The Federation Server is in charge of solving, as much as possible, the different security interoperability issues. The Federation Server is composed by two main components:

• The Security Token Service
• The Provisioning interface
  The first one is in charge of providing security between services by issuing and validating security tokens to establish trust relationships between a Web service client and a Web service provider. The second one is used to provision and manage end-user credentials.

The Security Token Service API

The STS provides Web Service operations based on the WS-Trust reference API. This API is used by the Security filter to authenticate the end-user and to map her credential for the service provider: 

• ISSUE: This first operation is used to create a valid token for the end-user. The generation of the token is realized only if the authentication of the end-user is valid at the Federation Server.
  • Input: Some few parameters are required as input, like the TokenType (SAML, X509, etc.), the claims (data information about the end-user), LifeTime (duration of validity) and the validation domain. Some authentication information is mandatory to authenticate the end-user.
  • Output: The result of this operation is a new token generated.
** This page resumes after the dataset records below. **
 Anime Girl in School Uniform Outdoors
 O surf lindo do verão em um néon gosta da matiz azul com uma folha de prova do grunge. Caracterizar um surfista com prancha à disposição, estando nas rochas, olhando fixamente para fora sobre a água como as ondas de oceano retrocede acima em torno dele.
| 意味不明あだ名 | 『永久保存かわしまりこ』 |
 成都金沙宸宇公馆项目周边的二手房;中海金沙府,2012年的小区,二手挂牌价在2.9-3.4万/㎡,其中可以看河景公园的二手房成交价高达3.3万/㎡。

• RENEW: This operation is the method used to regenerate a new authentication token with new expiration information. The result of this operation is a new generated token.
  • Input: The authentication credentials of the user are required as well as the expired token.
  • Output: The result of this operation is a new token generated.

• VALIDATE: This operation is used to validate tokens previously generated by the STS.
  • Input: The required parameter is the token to validate and the validation domain.
  • Output: The result is true or false depending on the validity of the token.
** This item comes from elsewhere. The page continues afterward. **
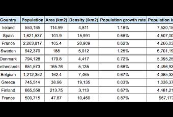 Atenas , Grecia ocupa el octavo lugar, con 26.601 habitantes por kilómetro cuadrado. Atenas es la ciudad más pequeña en cuanto a su tamaño, con 38,96 kilómetros cuadrados . Su densidad actual es similar a la de París, pero la tasa de crecimiento demográfico en Atenas es mucho más lenta. A finales de siglo su población será de 1,03 millones.

• CANCEL: This last operation is used to invalidate a token previously generated by the STS. When a token is cancelled, it cannot be renewed.
  • Input: The authentication credentials of the user are required as well as the token to cancel.
  • Output: The result of this operation is just the tag RequestedTokenCandelled, if all is OK.
    Each API user different messages formats passed during the request or the response. The two main messages are the <wst:RequestSecurityToken> and <wst:RequestSecurityTokenResponse> elements.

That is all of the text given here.